Posts Tagged tax return preparer
Earned Income Tax Credit Requires Tax Preparer Ethics
Posted on July 25, 2011 | Tax Studies.
The incidents of IRS audits are increasing and about 40 percent of audited tax returns last year involved the Earned Income Tax Credit (EITC). Examination of a tax return by the IRS is time-consuming and frustrating. Although there is no sure way to avoid an audit, choosing a high quality tax preparer is especially valuable.
A report by the National Taxpayer Advocate states that 60 percent of individuals use paid tax preparers. If the IRS suspects that a particular tax return preparer is consistently engaged in erroneous acts, all the work of that preparer is at risk for examination. Consequently, taxpayers benefit by careful selection of a professional who has completed an IRS registered tax return preparer program.
The EITC is a refundable credit. Therefore, if it exceeds tax liability, it increases a tax refund. Although many who qualify for the EITC fail to apply for it, there are also ineligible taxpayers claiming the credit. The IRS has implemented tight standards of tax preparer ethics for addressing EITC situations.
One of the common errors the IRS has identified involves claiming a child for the EITC that is not eligible. Although a child is not required for the credit, taxpayers with qualifying children are entitled to the EITC at lower income levels than a childless taxpayer.
A qualifying child for the EITC must have lived in the US with the taxpayer for half the year. The child’s relationship with the taxpayer must be son, daughter, stepchild, foster child, brother, sister, stepbrother, stepsister, or a descendant of any of them. Finally, an EITC qualifying child must be under age 19, a full-time student under 24 or totally disabled. A child who files a joint tax return is ineligible unless filing only to claim a full refund of withholding.
Registered Tax Return Preparer training provides all the conditions taxpayers must meet for the EITC. Although earned income is required, the adjusted gross income of the taxpayer must not exceed income limits based upon filing status and family size. Individuals who are married filing separately cannot claim the EITC. An important part of RTRP guidelines is avoiding incorrect claims of Head of Household status in order to obtain the EITC.

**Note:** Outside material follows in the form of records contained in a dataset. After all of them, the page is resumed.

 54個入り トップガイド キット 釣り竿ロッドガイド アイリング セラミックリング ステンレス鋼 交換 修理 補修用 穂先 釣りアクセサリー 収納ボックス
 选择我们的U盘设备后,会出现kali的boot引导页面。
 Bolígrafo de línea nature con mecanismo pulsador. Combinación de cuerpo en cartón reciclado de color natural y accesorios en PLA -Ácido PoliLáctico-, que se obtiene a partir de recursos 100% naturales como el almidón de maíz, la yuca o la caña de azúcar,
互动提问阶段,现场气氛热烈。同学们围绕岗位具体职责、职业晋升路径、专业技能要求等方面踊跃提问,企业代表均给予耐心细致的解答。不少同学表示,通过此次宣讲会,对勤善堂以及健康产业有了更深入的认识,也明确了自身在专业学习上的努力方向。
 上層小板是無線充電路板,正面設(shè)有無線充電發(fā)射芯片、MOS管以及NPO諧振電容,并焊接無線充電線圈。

Taxpayers claiming the EITC must be US citizens at least 25 years old and under age 65. They are also required to have lived for more than half the year in the US and cannot be claimed as dependents of someone else.

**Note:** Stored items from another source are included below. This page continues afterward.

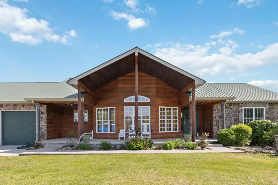 **Exquisite Modern Cabin-Style Luxury Home**Luxury living in this stunning modern cabin-style home, boasting over 5,000 feet of meticulously finished living space. 360 degree sunrise and sunset views! This property features a dramatic see-through wood-burning fireplace that elegantly connects the spacious open floor plan, blending warmth with a sleek modern aesthetic.Experience the wonders of nature, wildlife, on this expansive unrestricted property. A beautifully maintained inground pool, encased in tasteful black iron fencing, is a highlight perfect for relaxation or entertaining. The home sits on 17 acres of lush, flat farmland, offering peace and privacy amidst the untouched beauty of Amish country. The property's metal roof and lush landscaping further enhance its rustic yet modern charm.The full open basement holds endless possibilities, including the potential to add two additional bedrooms, making it ideal for customization to meet your family's needs. This is not just a home, but a retreat and canvas for your lifestyle, promising luxury and tranquility in a breathtaking setting. Make this unparalleled retreat your forever home. Call today!!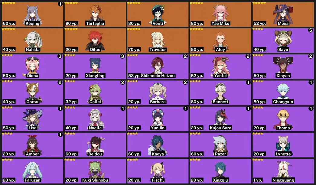 NA- AR:35- KEQING - SHENHE - MONA - ALOY - 18 characters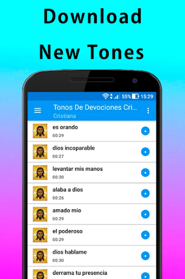 Download now this new application of tones and ringtones of praise and Christian adoration 2022 for your cell phone totally free. The easiest way to listen to Christian music tones you can guess the tones songs to play the ringtones for cell phone, when entering a call. Sounds for notifications and alarms to personalize all the sounds of your phone with genres like: gospel, soul Christ, Christian ballads, Christian hip hop, reggae, Christian electronic music, Christian pop, Christian rock, Christian metal, jazz, Christian country, blues , Christian vallenatos.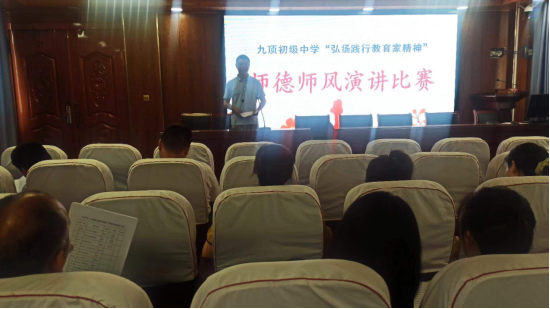 关注为全面加强新时代教师队伍建设,弘扬高尚师德师风,激发广大教师积极践行教育家精神,提升教育教学水平,6月13日下午,灵璧县九顶初级中学在启智楼会议室举行“弘扬践行教育家精神”师德师风演讲比赛。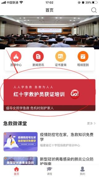 1、打开人人急救app首页面,找到“获证培训”图片并点击进入相关页面。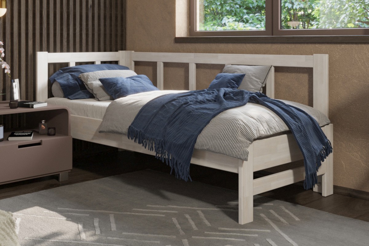 Jednolůžková rohová dřevěná postel Bety, pravý roh, provedení BO102 bílá, 90x200 cm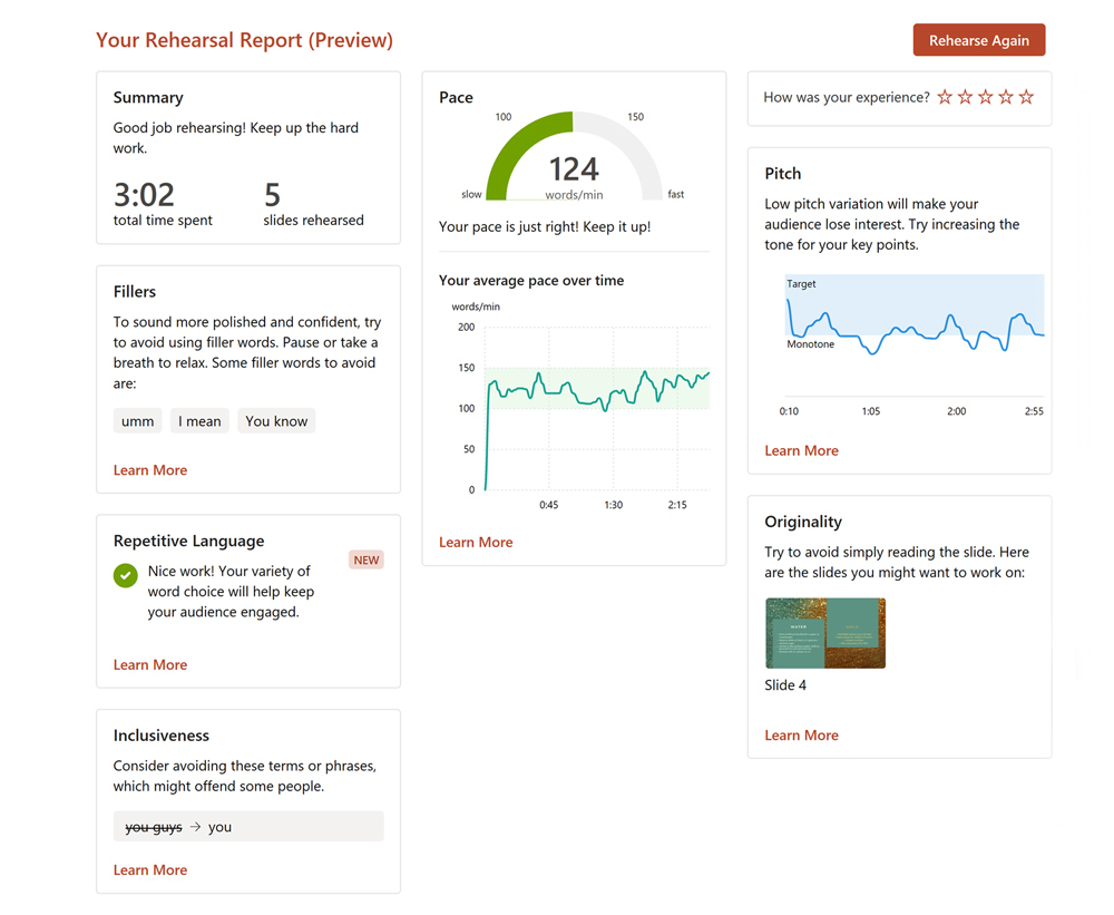 Rehearsal report summarizes your performance and provides actionable feedback

The highest EITC is available to taxpayers with three qualifying children. This is an expansion of the previous threshold allowing two children as the maximum.

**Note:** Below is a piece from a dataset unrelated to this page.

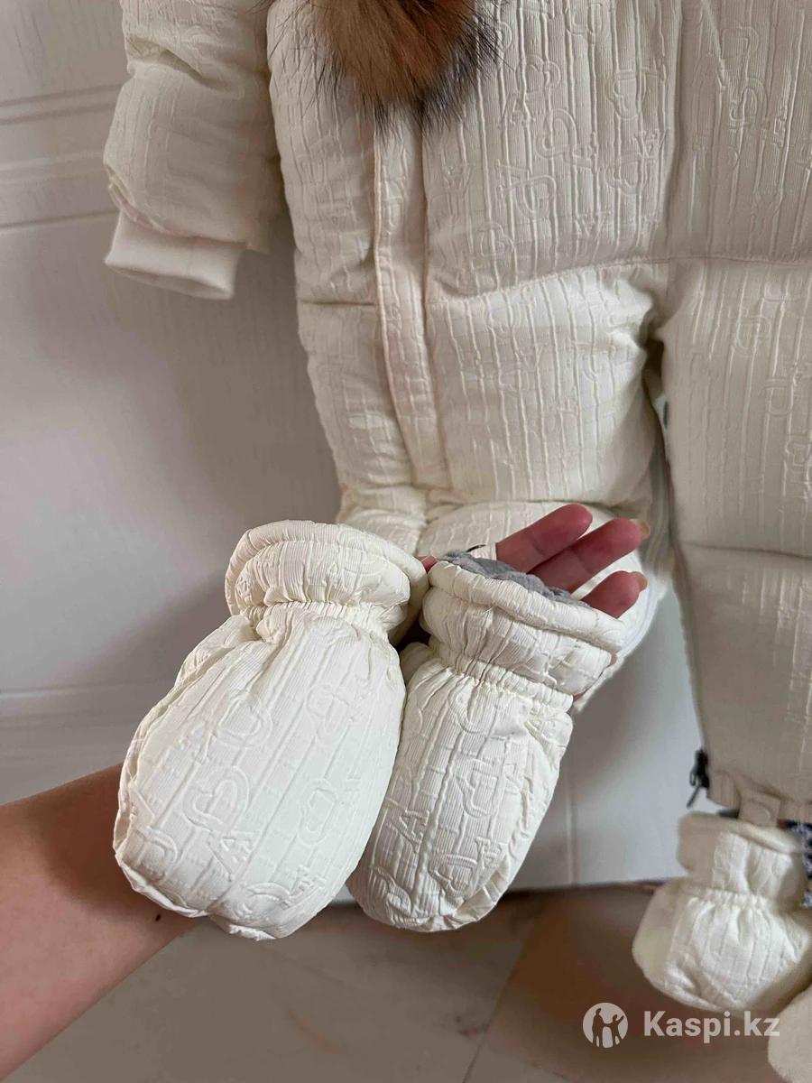 – Теплый зимний трансформер: можно как комбинезон и как конверт. – Подойдет примерно на 2–3 года (нам на 1.4 еще большой). – Цвет молочный, очень красивый. – В комплекте варежки и пинетки. – Полностью закрывает ребенка, отличная защита от холода. – Мягкий, удобный, качественный, оригинал.

Tax Preparer Jobs Require Attention to Detail
Posted on June 5, 2011 | Tax Studies.
In addition to the technical skills you acquire to become a tax preparer, you also need to develop an ability to make judgments about income and deductions. This talent goes deeper than your knowledge about using the correct tax forms for accurately reporting diverse types of items.
Your income tax course covers all the basics about income reporting and tax calculation. Beyond that lies the ethical territory of avoiding understatements of taxable income. Part of this area of tax work involves deriving information from a taxpayer. In addition, ethical responsibilities of a Registered Tax Return Preparer include having adequate disclosure of details on completed tax returns.
This is particularly important when reporting business expenses. Taxpayers using Schedule C to report business revenue and expenses have commonly engaged in abusive understatements of income. A RTRP is required to enter only verifiable amounts on tax forms such as Schedule C.
Taxpayers should disclose information in a specific manner. Tax return preparers must have assurance that the figures on tax forms are reliable. Inquiries are necessary regarding any items that don’t necessarily appear obviously deductible. For example, tax returns should not have a category called “Other Expense” without explanation of the expense descriptions.
Your ethics tax class helps you understand that taxpayers must provide clear descriptions for the amounts you place on their tax forms. IRS guidelines require that you disclose descriptions that are verifiable in the event of audit. If insufficient space exists on the tax forms, descriptions must continue on attachments to tax returns.
Section 6694(a) of the tax code imposes a penalty on tax return preparers who provide a return reflecting understatement of tax liability due to an “unreasonable position” if the preparer knew – or reasonably should have known – that the taxpayer’s income reporting is inaccurate. To avoid having an unreasonable position, you must report items on a taxpayer’s return only when there is substantial authority for the position or it is properly disclosed.
Therefore, obtaining substantial details about tax return items helps assure that your position is reasonable for including them on a taxpayer’s return. Some of the cases where this can apply are itemized deductions for medical expenses, charitable donations, and casualty losses. Taxpayers usually require your guidance about these categories, such as assurance that over-the-counter medications are not treated as medical expense and the value of goods received for charitable donations is applied to reduce the tax deduction.